2018-07-13 Thread Vlad Buslov


On Fri 13 Jul 2018 at 03:54, Cong Wang  wrote:
> On Sat, Jul 7, 2018 at 8:43 PM David Miller  wrote:
>>
>> From: Vlad Buslov 
>> Date: Thu,  5 Jul 2018 17:24:22 +0300
>>
>> > Currently, all netlink protocol handlers for updating rules, actions and
>> > qdiscs are protected with single global rtnl lock which removes any
>> > possibility for parallelism. This patch set is a first step to remove
>> > rtnl lock dependency from TC rules update path.
>>  ...
>>
>> I'll apply this for now, I reviewed it a few more times and I see
>> where you are going with this.
>
> Dear David,
>
> I don't understand why you even believe the claim of lockless
> updaters here, it at least should raise a red flag when you see any
> kinda of this claim.
>
> I know you don't trust me, how about thinking it in this way:
>
> Why does RCU still require a lock for RCU writers? (Or at least
> RCU recommends a lock, if anyone really wants to point out some
> lockless algorithm here.)
>
> or:
>
> If writers could really go lockless as easily as Vlad claims, how could
> even Paul E. McKenney never bring it into RCU?
>
> Maybe Vlad is much cleverer than any of us here, and maybe he really
> discovers a very brilliant algorithm to allow TC actions to be updated
> locklessly, why not wait until he shows a proof (either code or a paper)?
> Is there a rush?
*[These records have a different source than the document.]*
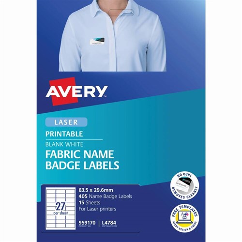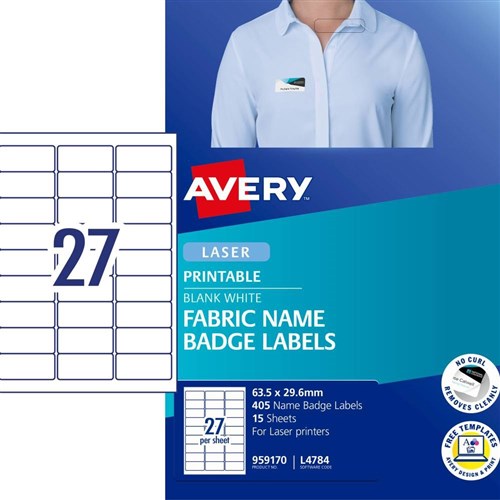 Avery Fabric Name Badge Laser Labels White L4784 63.5x29.6mm 27UP 405 Labels 15 Sheets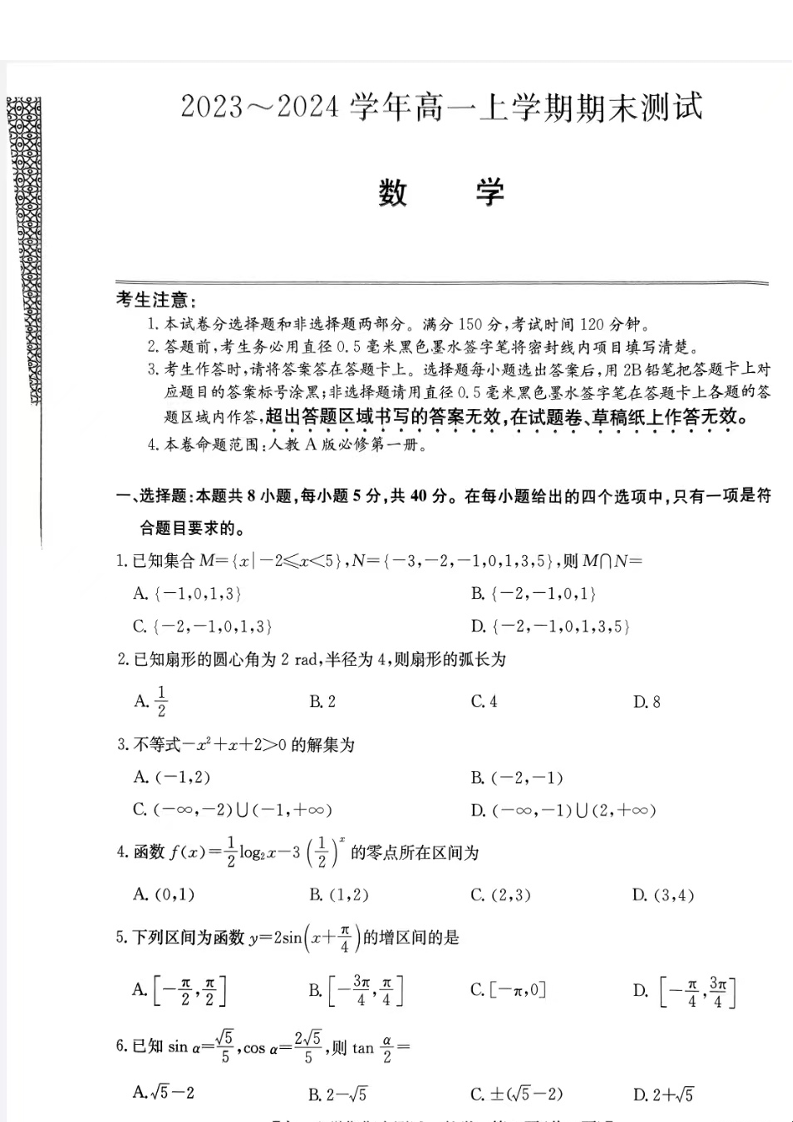 山西省2023-2024学年高一上学期1月期末联考数学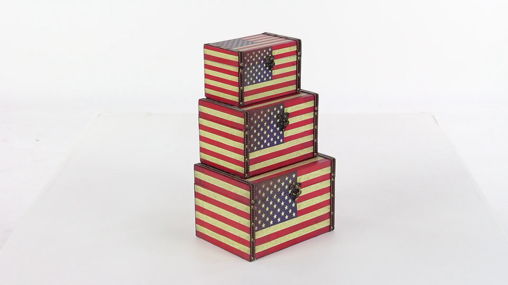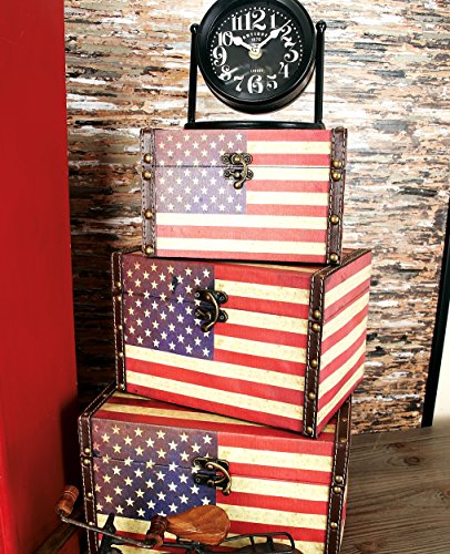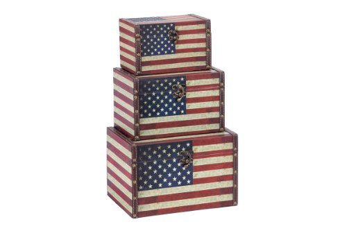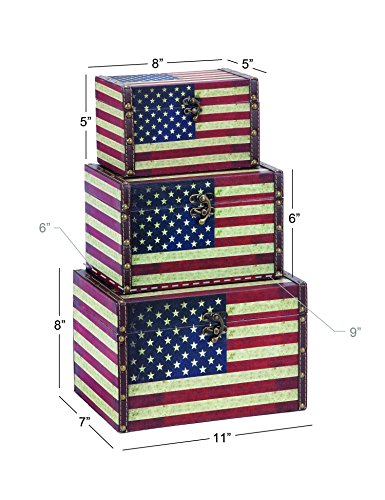 Deco 79 72196 Wood Leather Box with US Flag Colors

I don't see it.
>
> In fact, I discussed this with Vlad a little bit at netdev TC workshop.
> I never see any brilliant algorithm from him from his slides, and I was
> told by him he used "copy and replace" to archive parallel updaters, I
> told him that is basically how RCU works and RCU writers have to be
> sync'ed with a lock (or at least recommended).
>
> Also, to confirm my judgement, I checked this with Paul privately too.
> Paul said you have to be extremely careful to go lockless, it is very hard
> to be bug free for lockless, although he _never_ says it is impossible.
>
> My _personal_ bet is that, lockless updates for TC filters or actions
> are impossible unless there are more things hiding behind "copy and
> replace", for example, some brilliant lockless algorithm. If lockless is
> really impossible in this circumstance, then many of your efforts in
> this patchset are vain, by the way.
>
> I _do_ believe you can break RTNL down to per device, per filter or per
> action, but no matter how small the locking scope is, there is still a lock.
> With a lock, there is no need to make things friendly to lockless, like
> making an integer increment inside an action to be atomic (your patch
> 02/11).
>
> Please _do_ prove my personal judgement is wrong, by showing your
> final code or a formal paper/article. I am very *happy* to be proved
> to be wrong here, I am very open to change my mind here.
>
> Vlad, we need your proof. Please prove I am wrong, seriously!!! :)
>
> Thanks to anyone for proving me I am wrong just in case!!! :)

Dear Cong,

I never claimed to have some new brilliant algorithm that completely
removed any locks from rules update path. Obviously, fine-grained
locking is introduced when necessary. I'm sorry if my liberal usage of
term "lockless" confused you. I guess I should be more specific. I'm
fully agree with you that totally removing any and all locks from rules
update path would require some engineering marvel.


Re: [PATCH net-next v6 00/11] Modify action API for implementing lockless actions

2018-07-12 Thread Cong Wang
On Sat, Jul 7, 2018 at 8:43 PM David Miller  wrote:
>
> From: Vlad Buslov 
> Date: Thu,  5 Jul 2018 17:24:22 +0300
>
> > Currently, all netlink protocol handlers for updating rules, actions and
> > qdiscs are protected with single global rtnl lock which removes any
> > possibility for parallelism. This patch set is a first step to remove
> > rtnl lock dependency from TC rules update path.
>  ...
>
> I'll apply this for now, I reviewed it a few more times and I see
> where you are going with this.

Dear David,

I don't understand why you even believe the claim of lockless
updaters here, it at least should raise a red flag when you see any
kinda of this claim.

I know you don't trust me, how about thinking it in this way:

Why does RCU still require a lock for RCU writers? (Or at least
RCU recommends a lock, if anyone really wants to point out some
lockless algorithm here.)

or:

If writers could really go lockless as easily as Vlad claims, how could
even Paul E. McKenney never bring it into RCU?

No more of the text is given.